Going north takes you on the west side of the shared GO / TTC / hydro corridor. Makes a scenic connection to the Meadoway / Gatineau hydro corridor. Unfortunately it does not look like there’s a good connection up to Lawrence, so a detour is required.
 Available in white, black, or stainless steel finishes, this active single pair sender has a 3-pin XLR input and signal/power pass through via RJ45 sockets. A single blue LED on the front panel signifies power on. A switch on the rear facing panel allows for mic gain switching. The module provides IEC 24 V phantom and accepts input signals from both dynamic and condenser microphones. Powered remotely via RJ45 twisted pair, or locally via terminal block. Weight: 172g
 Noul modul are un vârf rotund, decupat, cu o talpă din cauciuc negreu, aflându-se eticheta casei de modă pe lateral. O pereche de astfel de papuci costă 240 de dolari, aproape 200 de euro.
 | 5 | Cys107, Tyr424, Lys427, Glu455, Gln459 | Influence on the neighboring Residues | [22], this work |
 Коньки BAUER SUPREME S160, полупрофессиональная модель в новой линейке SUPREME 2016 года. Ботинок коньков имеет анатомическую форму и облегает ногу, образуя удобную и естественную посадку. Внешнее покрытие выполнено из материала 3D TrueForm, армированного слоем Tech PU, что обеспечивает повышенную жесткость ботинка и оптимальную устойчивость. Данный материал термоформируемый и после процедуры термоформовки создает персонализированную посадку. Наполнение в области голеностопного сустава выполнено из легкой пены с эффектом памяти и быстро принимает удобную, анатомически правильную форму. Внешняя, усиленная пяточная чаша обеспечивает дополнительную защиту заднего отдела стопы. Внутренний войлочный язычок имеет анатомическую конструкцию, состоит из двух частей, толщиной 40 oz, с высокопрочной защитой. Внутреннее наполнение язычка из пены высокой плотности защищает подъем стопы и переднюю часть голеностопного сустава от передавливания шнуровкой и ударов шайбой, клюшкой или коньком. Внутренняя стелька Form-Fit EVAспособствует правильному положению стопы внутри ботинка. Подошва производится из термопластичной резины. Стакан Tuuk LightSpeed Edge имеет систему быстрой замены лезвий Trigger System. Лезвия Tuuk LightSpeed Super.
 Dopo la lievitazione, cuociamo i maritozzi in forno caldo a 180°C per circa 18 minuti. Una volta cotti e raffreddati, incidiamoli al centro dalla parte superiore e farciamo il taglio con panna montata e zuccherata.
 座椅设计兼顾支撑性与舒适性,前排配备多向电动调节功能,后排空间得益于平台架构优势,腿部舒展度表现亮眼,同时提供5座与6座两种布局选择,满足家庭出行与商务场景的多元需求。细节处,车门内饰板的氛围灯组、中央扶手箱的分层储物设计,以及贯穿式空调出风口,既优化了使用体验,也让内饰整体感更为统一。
===
▸ **Exercise brief**: All that belongs in your answer is the stretch of entries above from the line with "Noul modul are" through the line with "this work |", printed exactly.

▸ **Reply**:
 Noul modul are un vârf rotund, decupat, cu o talpă din cauciuc negreu, aflându-se eticheta casei de modă pe lateral. O pereche de astfel de papuci costă 240 de dolari, aproape 200 de euro.
 | 5 | Cys107, Tyr424, Lys427, Glu455, Gln459 | Influence on the neighboring Residues | [22], this work |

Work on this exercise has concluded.